Data to examine:
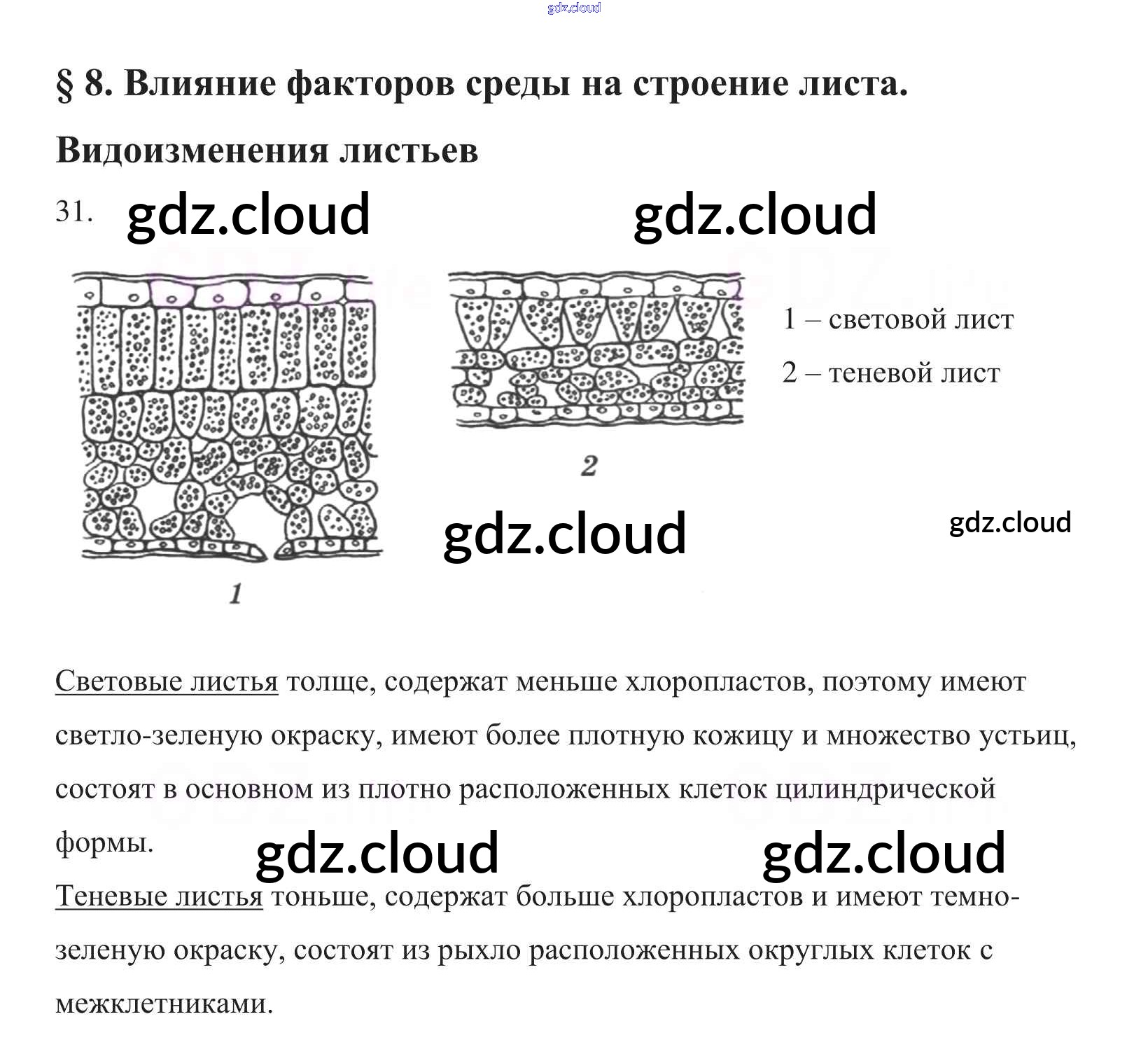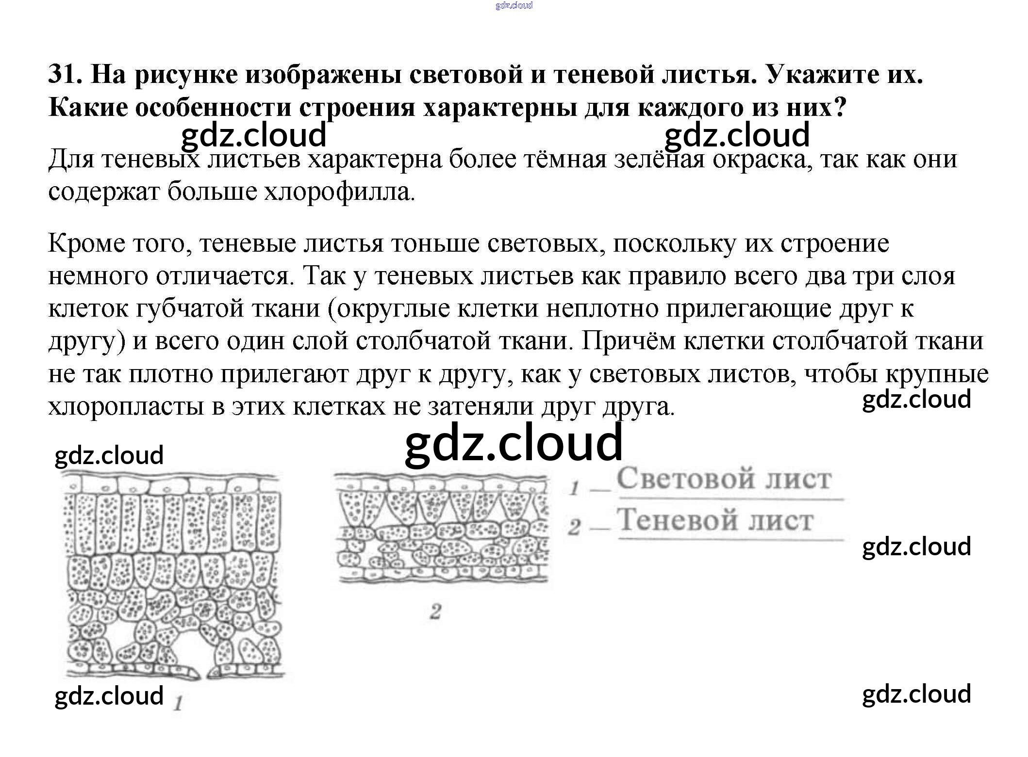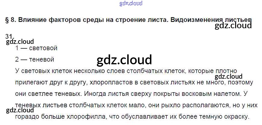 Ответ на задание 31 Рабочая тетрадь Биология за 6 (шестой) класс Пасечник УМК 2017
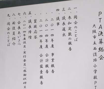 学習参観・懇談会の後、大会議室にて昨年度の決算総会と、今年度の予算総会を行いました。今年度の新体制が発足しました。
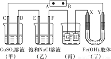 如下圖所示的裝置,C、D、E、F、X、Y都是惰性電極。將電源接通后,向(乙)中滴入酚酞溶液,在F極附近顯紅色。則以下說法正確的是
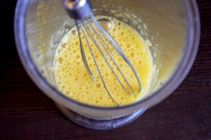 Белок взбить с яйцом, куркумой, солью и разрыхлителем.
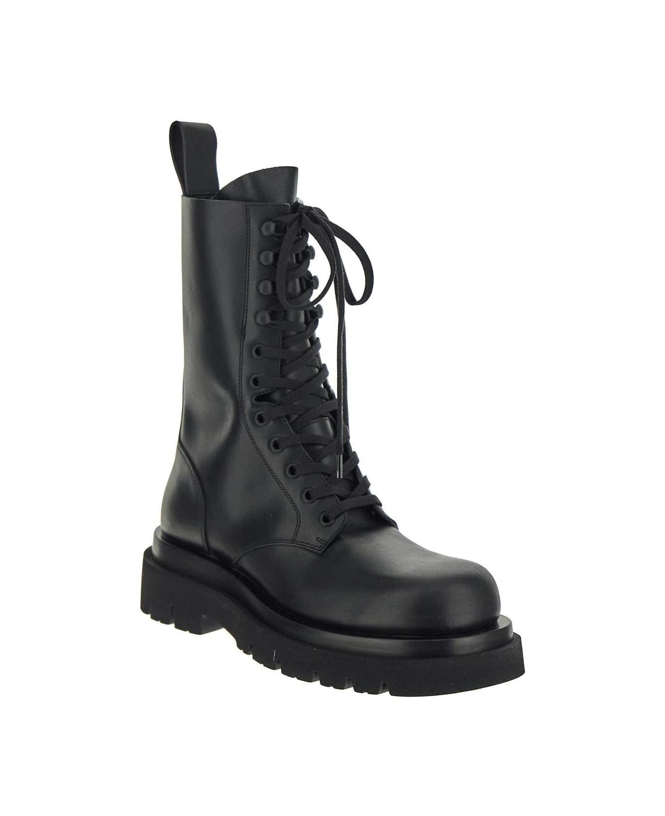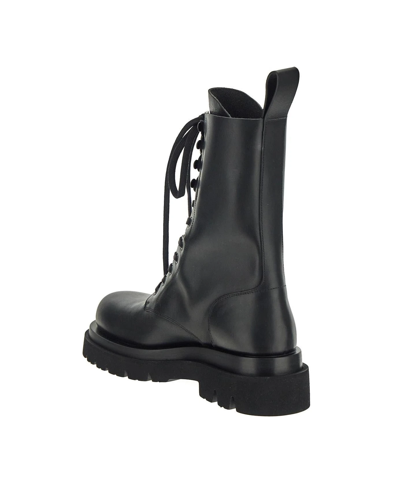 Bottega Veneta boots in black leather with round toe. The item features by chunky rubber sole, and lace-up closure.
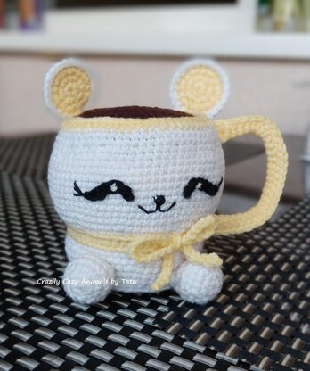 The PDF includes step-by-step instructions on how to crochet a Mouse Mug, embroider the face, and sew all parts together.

To do: Output only the lines from the line that contains "如下圖所示的裝置,C、D、E" through the end of the material, both ends included, and skip every picture.

Problem solution:
 如下圖所示的裝置,C、D、E、F、X、Y都是惰性電極。將電源接通后,向(乙)中滴入酚酞溶液,在F極附近顯紅色。則以下說法正確的是
 Белок взбить с яйцом, куркумой, солью и разрыхлителем.
 Bottega Veneta boots in black leather with round toe. The item features by chunky rubber sole, and lace-up closure.
 The PDF includes step-by-step instructions on how to crochet a Mouse Mug, embroider the face, and sew all parts together.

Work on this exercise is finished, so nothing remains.